## WHAT TO WORK ON
Each record that follows must be given again without alteration.

## DATA EXTRACT
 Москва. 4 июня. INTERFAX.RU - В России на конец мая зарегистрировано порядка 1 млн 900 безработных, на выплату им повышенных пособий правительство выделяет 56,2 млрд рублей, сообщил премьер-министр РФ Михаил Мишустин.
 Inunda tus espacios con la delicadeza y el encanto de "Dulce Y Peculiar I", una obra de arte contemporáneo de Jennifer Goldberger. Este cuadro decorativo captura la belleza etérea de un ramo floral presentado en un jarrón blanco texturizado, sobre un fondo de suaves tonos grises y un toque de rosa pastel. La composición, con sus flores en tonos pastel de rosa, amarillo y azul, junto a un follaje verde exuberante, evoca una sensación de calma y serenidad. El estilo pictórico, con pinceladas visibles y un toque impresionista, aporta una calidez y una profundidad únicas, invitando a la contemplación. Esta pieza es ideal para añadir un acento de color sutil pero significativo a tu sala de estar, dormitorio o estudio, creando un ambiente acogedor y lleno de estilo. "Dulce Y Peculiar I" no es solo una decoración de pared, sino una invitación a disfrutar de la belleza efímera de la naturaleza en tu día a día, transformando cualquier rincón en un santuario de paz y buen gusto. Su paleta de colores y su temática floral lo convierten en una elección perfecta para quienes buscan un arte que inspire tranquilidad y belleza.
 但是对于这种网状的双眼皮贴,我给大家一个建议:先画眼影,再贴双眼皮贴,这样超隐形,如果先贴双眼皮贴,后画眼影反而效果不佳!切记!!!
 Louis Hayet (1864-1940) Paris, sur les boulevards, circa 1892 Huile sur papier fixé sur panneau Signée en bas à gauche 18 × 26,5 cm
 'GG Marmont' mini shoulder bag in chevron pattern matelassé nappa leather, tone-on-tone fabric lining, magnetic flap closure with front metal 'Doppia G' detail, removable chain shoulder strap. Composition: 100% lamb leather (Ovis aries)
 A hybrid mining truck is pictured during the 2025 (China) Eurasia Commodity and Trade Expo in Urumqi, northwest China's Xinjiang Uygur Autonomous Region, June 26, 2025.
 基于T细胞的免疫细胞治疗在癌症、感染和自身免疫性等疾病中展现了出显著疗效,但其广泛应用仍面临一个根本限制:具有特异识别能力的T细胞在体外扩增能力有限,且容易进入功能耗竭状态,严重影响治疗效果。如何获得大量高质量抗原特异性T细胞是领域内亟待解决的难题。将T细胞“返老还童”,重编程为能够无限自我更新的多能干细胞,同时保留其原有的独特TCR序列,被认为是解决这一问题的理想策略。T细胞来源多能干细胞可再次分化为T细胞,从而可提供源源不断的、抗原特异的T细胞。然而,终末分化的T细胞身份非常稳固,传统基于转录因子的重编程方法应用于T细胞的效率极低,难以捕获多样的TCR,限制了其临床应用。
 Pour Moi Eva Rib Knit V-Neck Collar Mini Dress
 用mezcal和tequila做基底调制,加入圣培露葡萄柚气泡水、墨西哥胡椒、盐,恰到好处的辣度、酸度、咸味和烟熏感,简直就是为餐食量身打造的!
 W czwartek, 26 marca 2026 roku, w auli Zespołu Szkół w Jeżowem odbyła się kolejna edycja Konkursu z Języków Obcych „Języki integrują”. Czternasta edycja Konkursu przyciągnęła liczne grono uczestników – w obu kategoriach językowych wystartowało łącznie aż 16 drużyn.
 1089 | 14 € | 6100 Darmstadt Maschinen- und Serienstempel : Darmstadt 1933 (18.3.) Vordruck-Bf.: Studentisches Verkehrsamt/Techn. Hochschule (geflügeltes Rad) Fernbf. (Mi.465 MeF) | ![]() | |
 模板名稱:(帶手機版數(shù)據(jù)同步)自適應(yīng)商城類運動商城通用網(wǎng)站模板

## RESPONSE TO THE EXERCISE
 Москва. 4 июня. INTERFAX.RU - В России на конец мая зарегистрировано порядка 1 млн 900 безработных, на выплату им повышенных пособий правительство выделяет 56,2 млрд рублей, сообщил премьер-министр РФ Михаил Мишустин.
 Inunda tus espacios con la delicadeza y el encanto de "Dulce Y Peculiar I", una obra de arte contemporáneo de Jennifer Goldberger. Este cuadro decorativo captura la belleza etérea de un ramo floral presentado en un jarrón blanco texturizado, sobre un fondo de suaves tonos grises y un toque de rosa pastel. La composición, con sus flores en tonos pastel de rosa, amarillo y azul, junto a un follaje verde exuberante, evoca una sensación de calma y serenidad. El estilo pictórico, con pinceladas visibles y un toque impresionista, aporta una calidez y una profundidad únicas, invitando a la contemplación. Esta pieza es ideal para añadir un acento de color sutil pero significativo a tu sala de estar, dormitorio o estudio, creando un ambiente acogedor y lleno de estilo. "Dulce Y Peculiar I" no es solo una decoración de pared, sino una invitación a disfrutar de la belleza efímera de la naturaleza en tu día a día, transformando cualquier rincón en un santuario de paz y buen gusto. Su paleta de colores y su temática floral lo convierten en una elección perfecta para quienes buscan un arte que inspire tranquilidad y belleza.
 但是对于这种网状的双眼皮贴,我给大家一个建议:先画眼影,再贴双眼皮贴,这样超隐形,如果先贴双眼皮贴,后画眼影反而效果不佳!切记!!!
 Louis Hayet (1864-1940) Paris, sur les boulevards, circa 1892 Huile sur papier fixé sur panneau Signée en bas à gauche 18 × 26,5 cm
 'GG Marmont' mini shoulder bag in chevron pattern matelassé nappa leather, tone-on-tone fabric lining, magnetic flap closure with front metal 'Doppia G' detail, removable chain shoulder strap. Composition: 100% lamb leather (Ovis aries)
 A hybrid mining truck is pictured during the 2025 (China) Eurasia Commodity and Trade Expo in Urumqi, northwest China's Xinjiang Uygur Autonomous Region, June 26, 2025.
 基于T细胞的免疫细胞治疗在癌症、感染和自身免疫性等疾病中展现了出显著疗效,但其广泛应用仍面临一个根本限制:具有特异识别能力的T细胞在体外扩增能力有限,且容易进入功能耗竭状态,严重影响治疗效果。如何获得大量高质量抗原特异性T细胞是领域内亟待解决的难题。将T细胞“返老还童”,重编程为能够无限自我更新的多能干细胞,同时保留其原有的独特TCR序列,被认为是解决这一问题的理想策略。T细胞来源多能干细胞可再次分化为T细胞,从而可提供源源不断的、抗原特异的T细胞。然而,终末分化的T细胞身份非常稳固,传统基于转录因子的重编程方法应用于T细胞的效率极低,难以捕获多样的TCR,限制了其临床应用。
 Pour Moi Eva Rib Knit V-Neck Collar Mini Dress
 用mezcal和tequila做基底调制,加入圣培露葡萄柚气泡水、墨西哥胡椒、盐,恰到好处的辣度、酸度、咸味和烟熏感,简直就是为餐食量身打造的!
 W czwartek, 26 marca 2026 roku, w auli Zespołu Szkół w Jeżowem odbyła się kolejna edycja Konkursu z Języków Obcych „Języki integrują”. Czternasta edycja Konkursu przyciągnęła liczne grono uczestników – w obu kategoriach językowych wystartowało łącznie aż 16 drużyn.
 1089 | 14 € | 6100 Darmstadt Maschinen- und Serienstempel : Darmstadt 1933 (18.3.) Vordruck-Bf.: Studentisches Verkehrsamt/Techn. Hochschule (geflügeltes Rad) Fernbf. (Mi.465 MeF) | ![]() | |
 模板名稱:(帶手機版數(shù)據(jù)同步)自適應(yīng)商城類運動商城通用網(wǎng)站模板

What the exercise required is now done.